Opinion

It’s hard to forgive Jane Fonda

JANE FONDA at an antiwar conference in the Netherlands in 1975 (Wikipedia).

Jane Fonda was in the news this week – national as well as local – when the Westminster City Council held a special meeting on Friday to pass a resolution demanding that the Los  Angeles County Board of Supervisors rescind its awarding its own resolution honoring the film actress for her work on climate change.

The council’s objection didn’t have much to do so much with the ice caps melting as it did with her notorious visit to North Vietnam in 1972. Not only did she express doubt that POWs she met with were telling the truth that abuse and torture of American prisoners (mostly pilots) was routine, she posed for a photograph on an anti-aircraft battery wearing a military helmet.

(The timing was awful; the L.A. County honor came on April 30, the day that Saigon fell to the North Vietnamese army).

The implications of the image were obvious; Jane was seeming to be giving tacit approval to the killing of American airmen.

That has dogged her all her life. She was slow to apologize and even when she made a more abject mea culpa, it was far too late.

Yes, she was just an ignorant young woman with little to no understanding of what she was doing. Still, she did it willingly. Some people say, give her a chance. She apologized.

But there are 58,000 Americans who died in that war. They can never hear her regrets. She was a privileged rich kid whose actions mocked the working class kids who fought the war. They didn’t have the option of being willing fools, like Jane.

You don’t have to feel that the Vietnam War – whose implications still echo strongly, especially in Orange County – was the best course for America, to understand that there’s a difference between honest dissent and shallow Hollywood political theater.

Just as it’s too late to save the lives of those 58,000 – not to mention the many who were wounded physically or emotionally scarred – it’s too late for me to feel comfortable saying, “That’s OK, Jane.”

The life you lead depends on the decisions you make. She made a bad one in 1972, and it follows her yet. Just like memories of the wounded who wore the uniform in an unpopular war a half-century ago.

5 replies »

  1. I absolutely loathe and detest Jane the ass Fonda. I attended a rally with a friend to hear her speak and was so incensed with her vile rhetoric that I wanted to leap up and slap her hard across her stupid face.
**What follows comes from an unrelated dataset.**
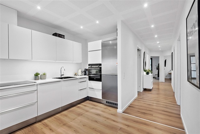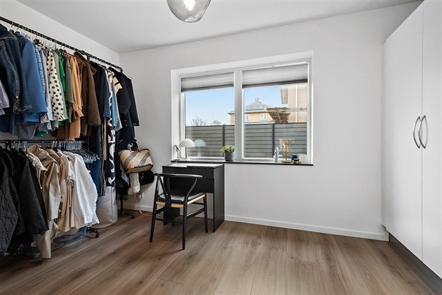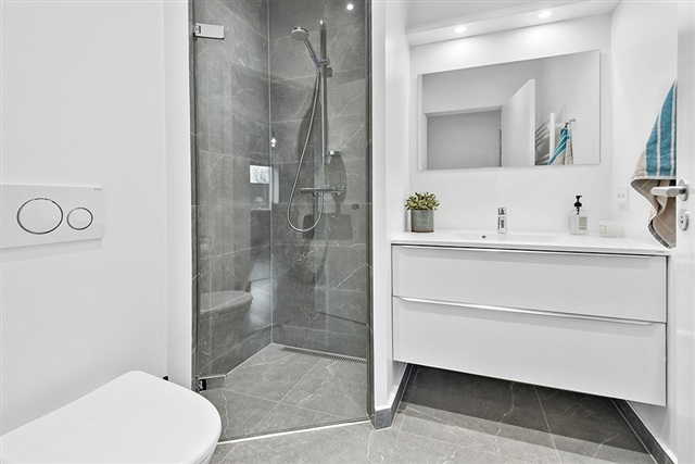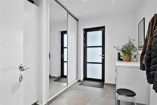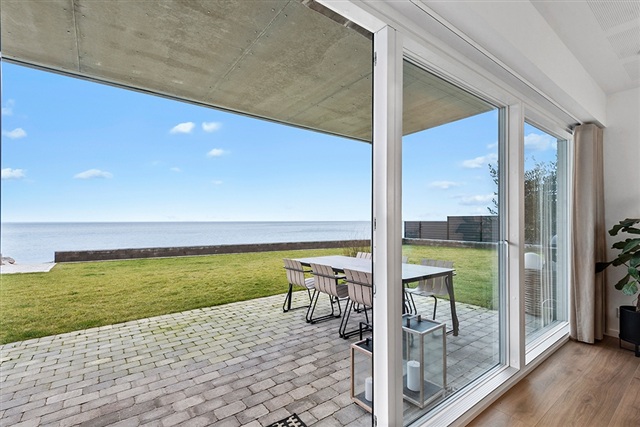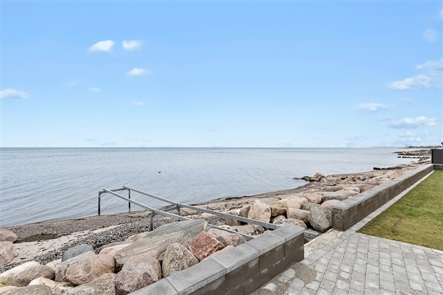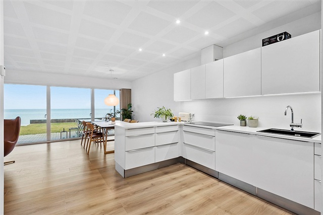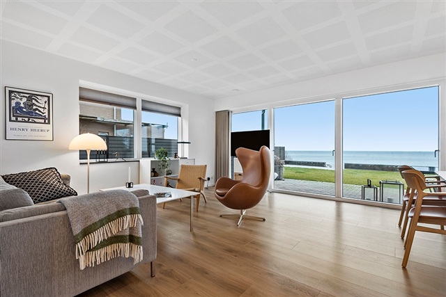 If living with a sea view and having private access to your own bathing jetty appeals to you, this distinctive apartment within the exclusive development VANDKANTEN might be just what you are looking for. Completed in 2022, the building houses only five apartments, ensuring a peaceful and private setting directly facing Køge Bay.Spanning 115 square meters, the apartment offers a spacious living room featuring striking panoramic views and direct access to a large terrace. The kitchen is open-plan, finished in white, and equipped with all modern appliances. There are three bedrooms, each fitted with built-in wardrobes. Two stylish bathrooms include showers, while the combined entrance and utility room contains laundry facilities. Additional amenities include a private heated storage room, two designated parking spaces, and guest parking availability. The property also benefits from a communal garden with a lawn stretching toward the water, along with direct access to the building's private bathing jetty.

She’s a spoiled and entitled witch and I’m sorry she has lived so long.

  2. as far as i know, no casualties occurred as a result of jane fonda’s ill-advised visit.

    the same can’t be said of the cabal of u.s. policy makers and war profiteers who thought it was a good idea to tread in s.e. east asia, where the french had already disastrously failed in the mid-20th century.

    all that venomous spittle and sanctimony in such copious draughts for an octogenarian entertainer, but not a note of reprimand for decision makers who actually imperiled american lives–for filthy lucre.

    • This is a well thought out reply. The disastrous loss of American and Vietnamese lives was a preventable tragedy.
      The American service men and women that were drafted into this war came home shattered with ptsd.
      Jane Fonda is an American icon. She has always stood up and voiced her support and opinion for she feels is just. The US policy makers were not on the ground in Vietnam. The destruction there and loss of lives on both sides is unconscionable.

  3. The only reason Jane Fonda has worked on Climate Change was in her own mind was to try and fix the damage she has done to our Service Men & Women of this Country! Let her face the Lord fir what she has done!!